Institutional restrictions due to the coronavirus disease 2019 (COVID-19) pandemic are taking a large toll on patients with hematologic cancers. Some medical centers have canceled treatments and all centers have altered their policies and procedures. Starting in March, elective and semielective surgical procedures at most hospitals throughout the United States were put on hold, and uncertainty remains regarding when these procedures will start up again.
Currently, the American College of Surgeons (ACS) is suggesting that all physicians and their staff consider every patient individually in order to strike a balance between the risks of delaying surgery and the risks to both patients and hospital staff performing the operation. “Our ability to offer some surgical procedures in this immediate pandemic period is being impacted.

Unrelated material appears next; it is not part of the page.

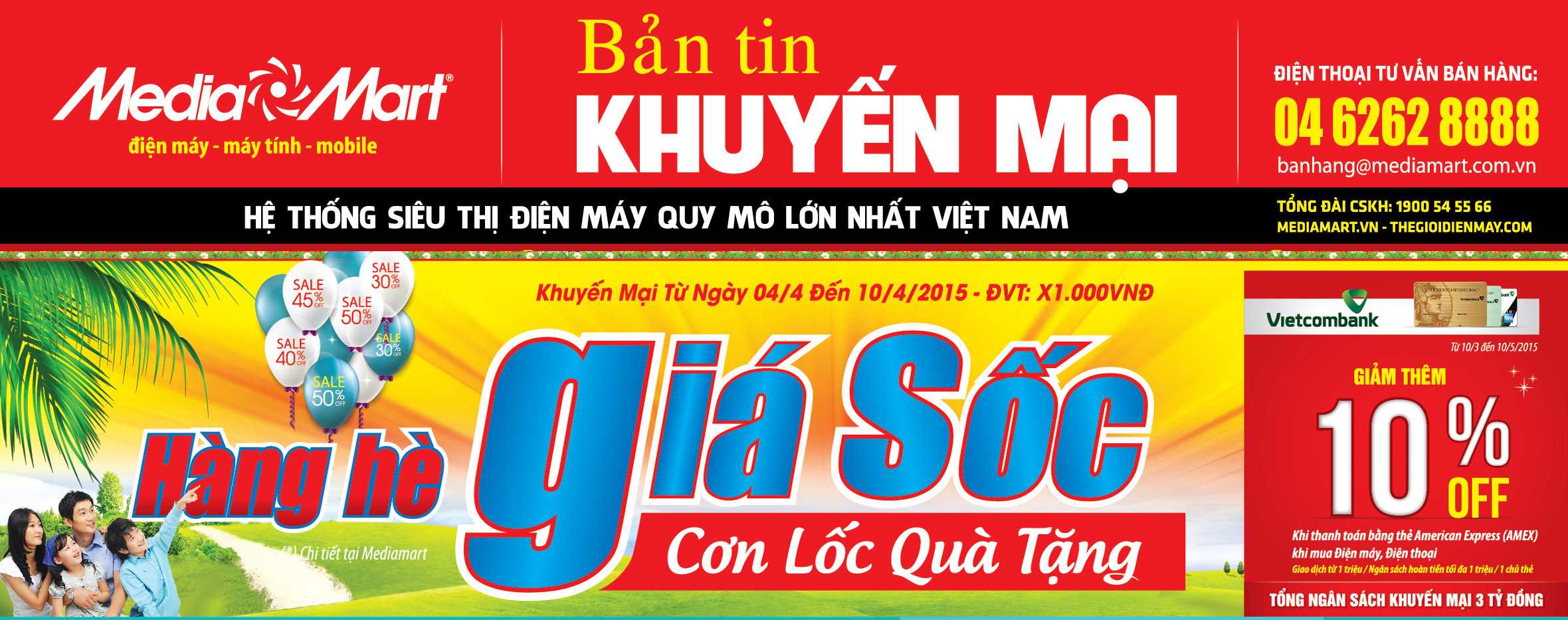Đặc biệt, nhằm giúp khách hàng có cơ hội dùng thử, trải nghiệm sản phảm trước khi quyết định mua sắm, MediaMart cho mượn miễn phí 2000 quạt phun sương Kangaroo KG56S. Sản phẩm đang có giá hãng công bố là 2.800.000đ, khách hàng sau thời gian dùng thử có thể trả lại sản phẩm hoặc nếu ưng ý muốn mua sản phẩm sẽ chỉ cần thanh toán với giá là 1.990.000đNgoài các sản phẩm giải nhiệt, phục vụ sức khỏe của mọi người trong mùa hè nóng nực cũng khá phong phú và đang được ưu đãi lớn: máy xay sinh tố Philips HR2100 giảm 38% còn 549.000 đồng, máy xay cầm tay Philips HR1600 giá sốc 699.000đ, nồi cơm điện 1.8l Sharp KS-181ETV’’SL’’ và Panasonic SR-TEJ18HLRA đồng giá 899.000đ…Song song với “Hàng hè giá sốc” là các sản phẩm máy giặt, tủ lạnh giảm giá đến 50%, cam kết giá rẻ nhất thị trường như: tủ lạnh 2 cánh Sharp 180l SJ-172E-SS giá chỉ 4.790.000đ, máy giặt Panasonic 7.0kg NA-F70VB6HRV giảm 20% còn 3.890.000đ tặng quà.... Đây cũng là thời điểm vàng để sở hữu ngay loạt TV với giá đáy. Ngay từ bây giờ, tại Media Mart, khi mua TV LED khách hàng được tặng ngay phần quà trị giá đến 1.290.000đ gồm lò vi sóng, bình siêu tốc hay quạt Midea cao cấp. Cùng với đó là nhiều model TV đang được ưa chuộng được giảm giá sâu như: LED 32’’ Toshiba 32P2400 chỉ 4.490.000đ, LED 40’’ 40L2450 giảm 1,9 triệu còn 6.490.000đ, SmartTV 3D 55’’ Samsung 55H6400 giảm 6,9tr còn 19.990.000đ…Cũng trong đợt này, các tín đồ công nghệ có cơ hội sở hữu Smartphone mới ra mắt 2015 với giá siêu sốc: Samsung Galaxy S6 đã có mặt tại MediaMart với giá 16.588.000đ tặng quà khủng. Nokia 630 giá 2.388.000đ, iPhone 5S giảm 2 triệu còn 2.988.000đ..Tháng 4 –tháng siêu khuyến mại laptop với HP Stream 13-C001TU giảm 3 triệu đồng còn 3.990.000đ, Lenovo core i3 – 4005U giảm 2 triệu còn 6.990.000đ, Asus P450LDV-W0193D core i5 giá 10.990.000đ. Khi mua laptop tại Media Mart khách hàng được tặng thêm quạt cây trị giá 450.000 đồng…Giảm tối đa các chi phí không cần thiết, cắt giảm lợi nhuận để giảm giá thành nhưng vẫn phải đảm bảo chất lượng sản phẩm, đó là uy tín của các doanh nghiệp lớn. Đặc biệt, không chỉ giảm giá kích cầu, những Hệ thống siêu thị điện máy như Media Mart còn không ngừng gia tăng các dịch vụ hậu mãi, bảo hành.

The impacts vary significantly by region of the country and the impact of the pandemic,” said Elizabeth A David, MD, who is an associate professor of clinical surgery in the Division of Thoracic Surgery Department of Surgery at the Keck School of Medicine of the University of Southern California, Los Angeles, in an interview with Hematology Advisor.
ACS now is providing guidelines for determining who needs to have surgery sooner and who can wait until normal surgical schedules have resumed. In making these decisions, clinicians must weigh the current condition of each patient, and the potential for natural progression of each patient’s surgical disorder or disease while waiting. They also must factor in the current capabilities of their surgical facility. During this time, it is crucial to reserve hospital resources, such as ventilators and intensive care unit beds, for critically ill patients with COVID-19.
“The important message for providers and patients at this time is that treatment decisions need to be made on an individual patient basis. There will be some patients for whom it will be appropriate to defer surgical treatment for a few months, others will need to have operations done as is possible during the COVID pandemic depending on supply availability and staff,” explained Dr David.
She said there will be other patients for whom alternate strategies for radiation and chemotherapy may be considered. Clinicians need to be particularly mindful of those patients who are already at high risk to experience health care disparities, and to ensure that they are appropriately guided through the health care system during this challenging time.
Because there is no way to estimate the duration of the current disruption, clinicians currently are in a difficult position. The situation is a very fluid one and literally is changing on an hourly basis. “In many parts of the country, as part of the attempt to free up [operating rooms], recovery rooms, and [intensive care units], elective surgery is being deferred,” said Henry I. Miller, MD, who is a senior fellow at the Pacific Research Institute in San Francisco, California, in an interview with Heamtology Advisor. “I don’t know how widespread that interpretation is or to what extent other non-emergency cancer surgery is being delayed. It’s a very hard risk-risk calculation. Cancers do metastasize, after all. These delays are very hard on patients.”